After starting at an asking price of $5,000 from me to free it back, I simply told them if I had $5,000, they could shove this pc, you know where. The 4 or 5 I spoke with, had Hispanic accents, and I finally agreed to $150.00, and paid on line to them. I got the pc back again. I contacted the FTC about it, demanding they stop trash like this, and that I felt my ID had been stolen from me. The FTC sent me paperwork on the Identity Theft, and over 2 YEARS LATER, I received a check from the FTC, worth $300.00, $150 for what I paid them, plus $150 to pay for my trouble. The FTC finally caught up, took to court, and they had to pay big bucks for what they did. I really appreciated that the FTC had actually did something about it.

I felt, that if I had not clicked on the BUTTON they showed, instead clicking on the power button itself and turn the computer off, when I'd have restarted it again, there would be NO DAMN BLUE SCREEN OF DEATH to worry about. But the BLUE SCREEN, FROZE ME, and this is what happened.


Posted by:

Bill
28 Feb 2020

Bob, you wrote: "Windows 10 is the most stable version of the operating system to date." ...
Really? Maybe I'm just being nostalgic, but for my money, XP was the best Windows version I've experienced. I hated to see Microsoft dump it, and replace with the garbage versions of the following years.


Posted by:

Kathi A Anderson
28 Feb 2020

Your comments on the Blue Screen of Death regarding Hard Drives seemed to refer only to pre-SSD HDs. I don't think it is recommended to defragment SSDs.


Posted by:

GWC
28 Feb 2020

Just went through the BSOD in Windows 10. It occurred right after a Microsoft Update (might have been coincidental) but a WD Black Hard drive failed, every time windows tried to restart, it kept getting worse. That computer just was fixed with a new SSD and a Panasonic HD. Up and running with a tremendous loss of data except I followed your instructions a done a backup losing only 4 days of data.


Posted by:

Bernie Crowley
28 Feb 2020

You taught me to use Macrium Reflect, and now I am teaching others. If disaster strikes, I am ready.


Posted by:

Phil
28 Feb 2020

Hi Bob, I was greeted with the BSOD January of 2019. My C: drive failed. Replaced the drive and reinstalled the OS.

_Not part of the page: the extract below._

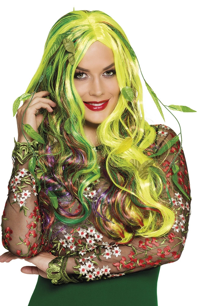 Word een zeemeermin of elf met deze Zeemeermin Pruik en maak je verkleed kostuum helemaal compleet, je kan deze pruik dragen naar bijvoorbeeld het carnaval, een cosplay, Halloween feest en vele andere thema feesten of gelegenheden. De Zeemeermin Pruik is gemaakt van mooi lang golvend synthetisch haar, en heeft de kleuren Groen, geel, bruin, paars, rood en kunstof blaadjes voor een unieke look. Let op! synthetisch haar kan vaak niet tegen hitte (tenzij anders is aangegeven) en het gebruik van een krultang word ook afgeraden.
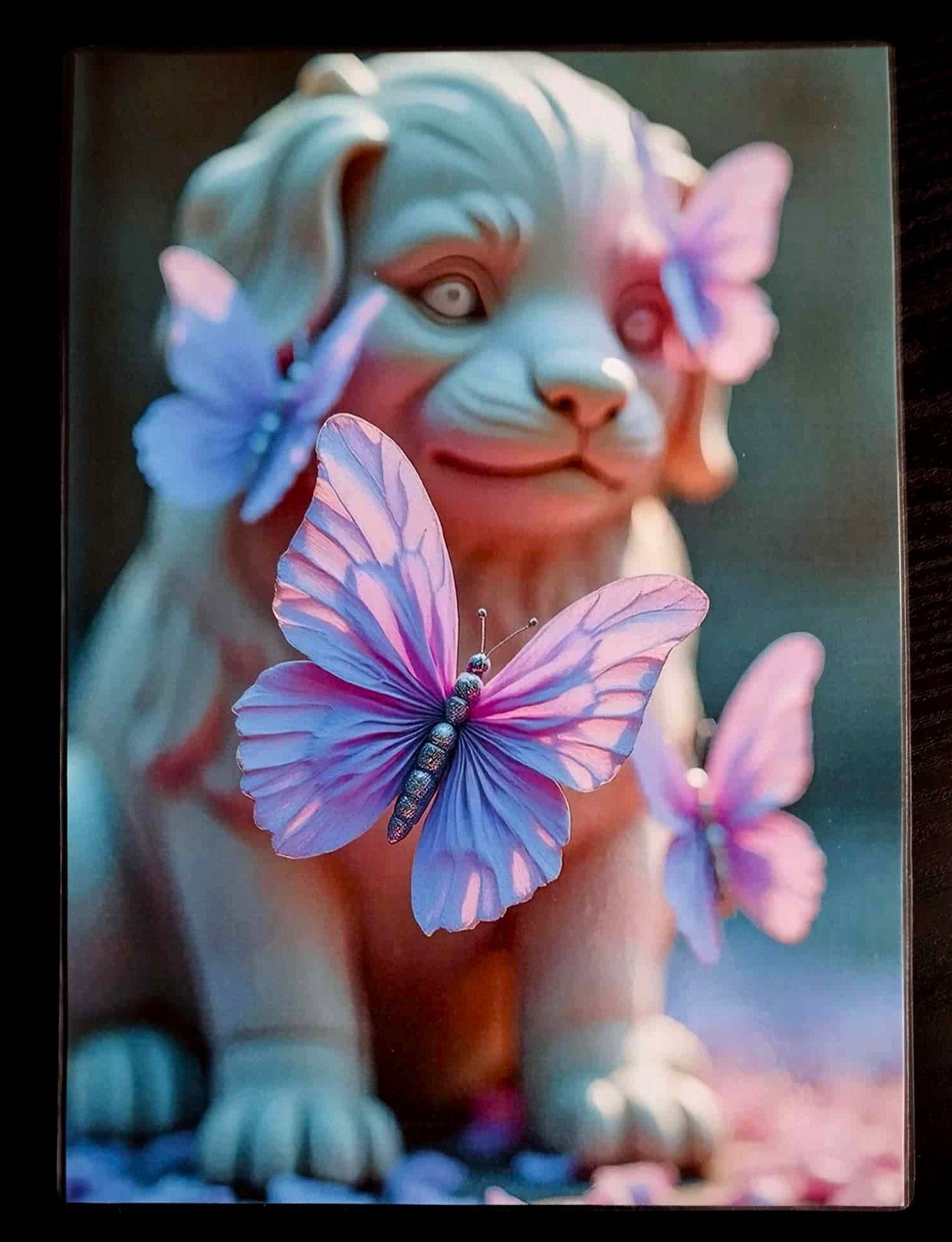 a purple butterfly born from a bouquet, an azure gleam resting on a leaf, a pastel wing that evokes dawn, a breath of colors rediscovered.

Thankfully I've taken your advise about back ups over the years. I was up and running in a little over three hours with no data loss.

Thanks for your great advise.


Posted by:

Wild Bill
29 Feb 2020

Bob, I have been given to understand that modern Windows does a decent job of "defragging", in the background, without manual help. And in the case of SSD's, I have been told you neither need nor want to defrag them. I hope this is good info.


Posted by:

Keith Blair
01 Mar 2020

I have to disagree with Bob and agree with Bill, XP was the most reliable OS Microsoft has ever released. Updated from XP to Win 10 2 years ago and am still disappointed. Files magically disappear and every update brings more problems. Luckily I back everything up on my other computer still running XP


Posted by:

RandiO
01 Mar 2020

We had a brand-new IBM Selectric III (Model 6701), which never BlueScreened. During an office Breaking-and-Entry event; instead of unplugging its nine-foot AC power cord, the thieves must have attempted to cut it off at the rear of the unit. We could not figure out why our prized Selectric was still in the office. We had a good laugh when we realized the fuse for that wall outlet was tripped and we found a pair of dykes (w/blue handles) on the other side of the office.
This is as close to a “Blue Shock of Death” (BSOD) that Selectric ever got; for over five years of subsequent and continuous usage. 😊


Posted by:

Phil
01 Mar 2020

I feel cheated. I've never had the BSOD and I've been using PCs since the DOS days.


Posted by:

charlie
01 Mar 2020

Thanks for the BSOD message, it just reminds me that these things happen and we need to have back-ups in case they do.